C) Canonicalization and internal links

  • Canonicalize variants (parameters, case, trailing slashes) to a single, clean URL and reinforce with internal links to the canonical form.
  • Avoid blocking canonicalized URLs in robots.txt (Google must crawl to see the <link rel="canonical">).
  • When dealing with facets, block clearly low-value patterns in robots.txt, canonicalize near-duplicates, and expose browseable high-value combinations.
<link rel="canonical" href="https://www.example.com/shoes/mens/running">

D) Structured data: ship templates, not one-offs

  • Ecomm: Product + Merchant listing (where applicable).
  • SaaS: SoftwareApplication + Organization + Breadcrumb.
    Implement as JSON-LD and validate.
<script type="application/ld+json">
{
  "@context":"https://schema.org",
  "@type":"Product",
  "name":"Trail Runner 2.0",
  "sku":"TR-200",
  "brand":{"@type":"Brand","name":"ExampleCo"},
  "offers":{"@type":"Offer","price":"129.00","priceCurrency":"USD","availability":"InStock","url":"https://www.example.com/p/tr-200"}
}
</script>

E) JavaScript and rendering

Prefer SSR/SSG or hydrated HTML for critical content/links. If you must use dynamic rendering, treat it as a workaround and monitor parity.

F) Pagination without rel=prev/next

Use strong internal links to page 1 and key pages; keep page titles/snippets unique; consider “view-all” where UX allows.

G) Meta robots vs robots.txt, and the nofollow reality

  • Meta robots noindex requires the page to be crawled; robots.txt Disallow prevents fetch.
  • nofollow is a hint, not a directive (since 2019). Don’t use it as your primary crawl management tool.

3) Monitoring that actually scales

Weekly

  • Search Console → Crawl Stats: total requests, avg response time, bytes downloaded; watch spikes in 5xx/timeout.
  • Index Coverage: sudden drops in “Indexed” or rises in “Crawled – currently not indexed”.
  • Diff the sitemap counts vs. indexed counts by section.

Monthly

  • Log-file analysis:
    • % of Googlebot hits to blocked or parameterized URLs.
    • Crawl distribution by template (product, PLP, blog).
    • Top 404/410/301 chains.
  • Render checks at scale (crawler + HTML snapshot comparisons).

When to use the Indexing API

  • Only for JobPosting and BroadcastEvent (livestream) pages. It won’t accelerate general pages; use sitemaps + internal links instead.

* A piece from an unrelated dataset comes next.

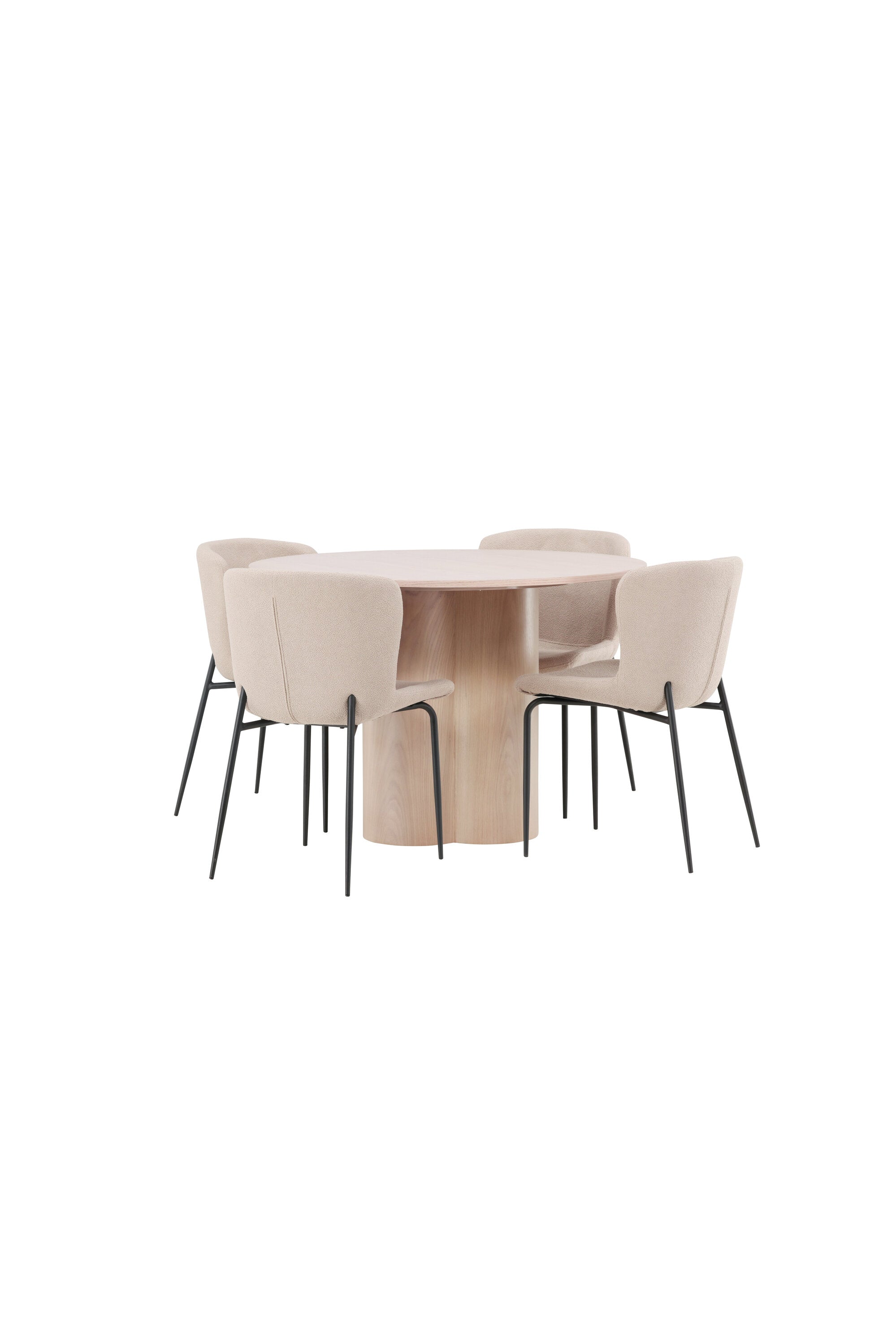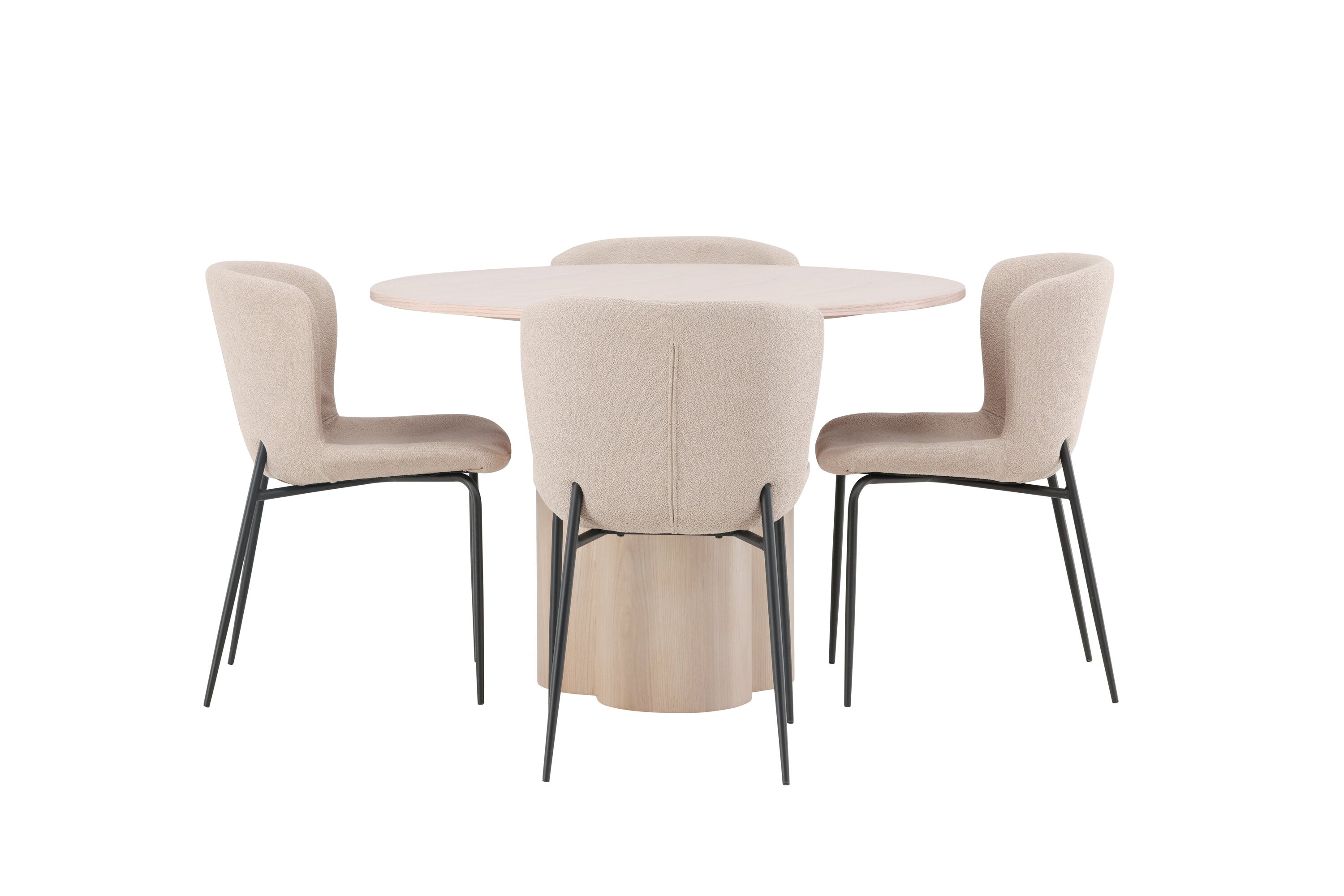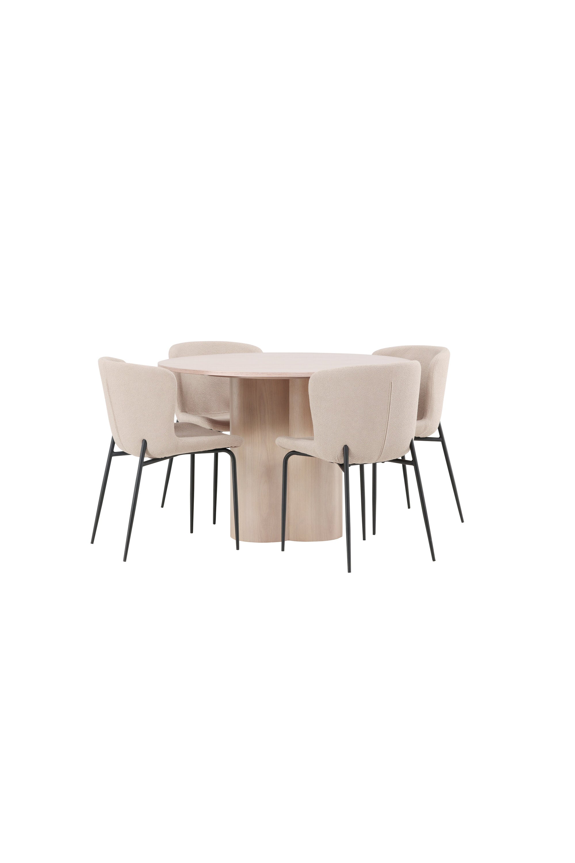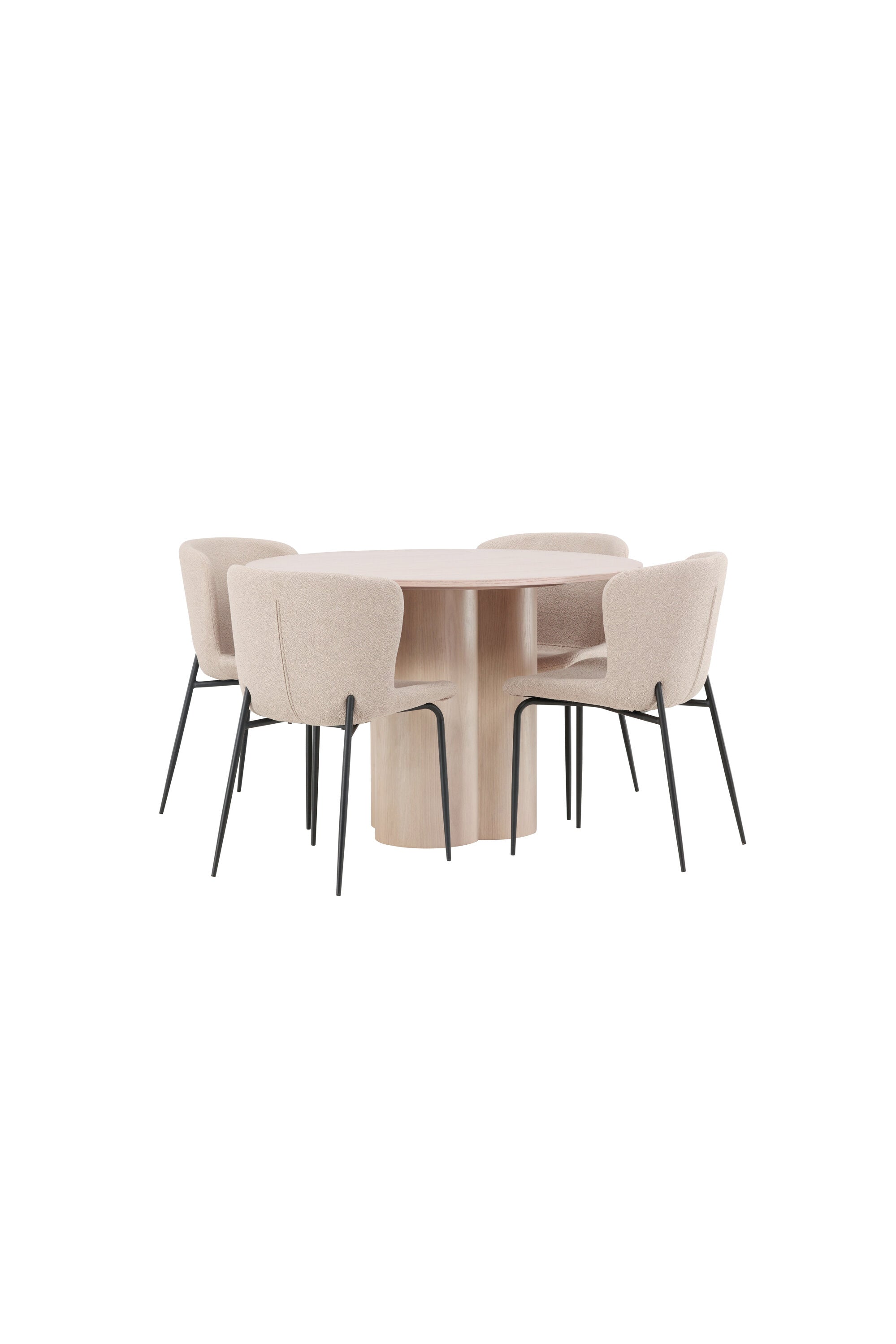 OliviaJídelní Stůl-WhiteWashDýha+ModestoJídelní židle-Béžová/BéžováBoucle_4

4) Faceted navigation: a safe default pattern

  1. Map parameter types

    • UX params (sort, view, session): block in robots.txt.
    • Duplicate creators (color/size filters): canonical to base and avoid linking at scale.
    • Valuable combinations (category + brand): keep crawlable, link them, and include in sitemaps.
  2. Ship a robots rule set that blocks obviously infinite patterns (e.g., ?page=*&sort=*) but allows representative “browseable” sets.

  3. Reinforce with canonicals + internal links to the clean target URLs.

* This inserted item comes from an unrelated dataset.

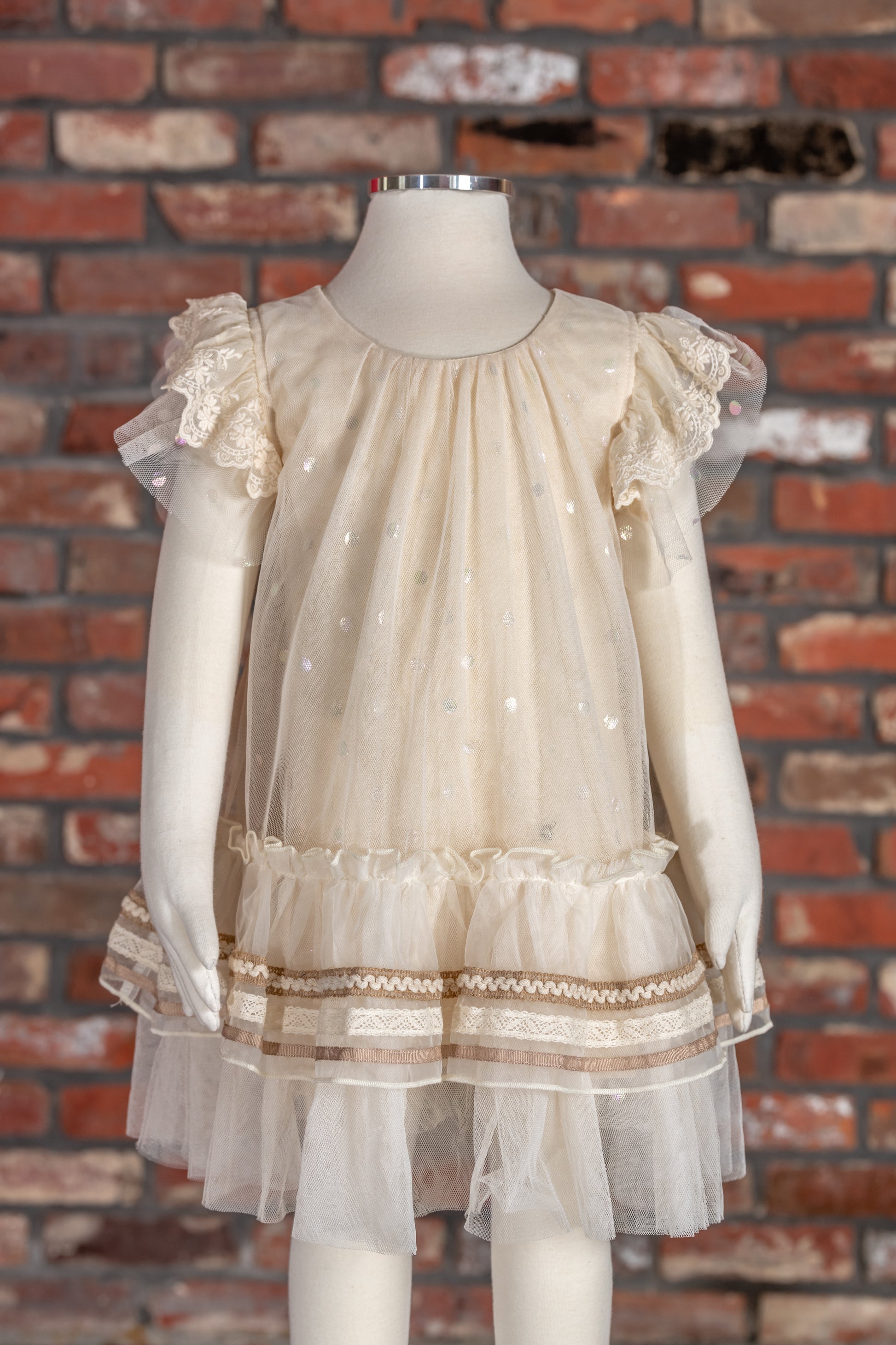 This is the perfect ivory dress for special occasions. This stunning piece features elegant ruffled sleeves and a charming gold trim for added flair. Your little one will look absolutely charming and stand out in the crowd. (A must-have for fancy events!)

5) Production-ready snippets

robots.txt (facet-safe example)

User-agent: *
Disallow: /search
Disallow: /*?q=
Disallow: /*?view=
Disallow: /*?sessionid=
Disallow: /*?sort=
Disallow: /*&page=*    # if your param order varies, pattern accordingly
Allow: /static/
Sitemap: https://www.example.com/sitemaps/sitemap-index.xml

Sitemap index (by directory)

<sitemapindex xmlns="http://www.sitemaps.org/schemas/sitemap/0.9">
  <sitemap><loc>https://www.example.com/sitemaps/plp.xml</loc></sitemap>
  <sitemap><loc>https://www.example.com/sitemaps/pdp-1.xml</loc></sitemap>
  <sitemap><loc>https://www.example.com/sitemaps/pdp-2.xml</loc></sitemap>
  <sitemap><loc>https://www.example.com/sitemaps/blog.xml</loc></sitemap>
</sitemapindex>

Canonical pattern

<link rel="canonical" href="https://www.example.com/{canonicalPath}">

SaaS structured data (SoftwareApplication)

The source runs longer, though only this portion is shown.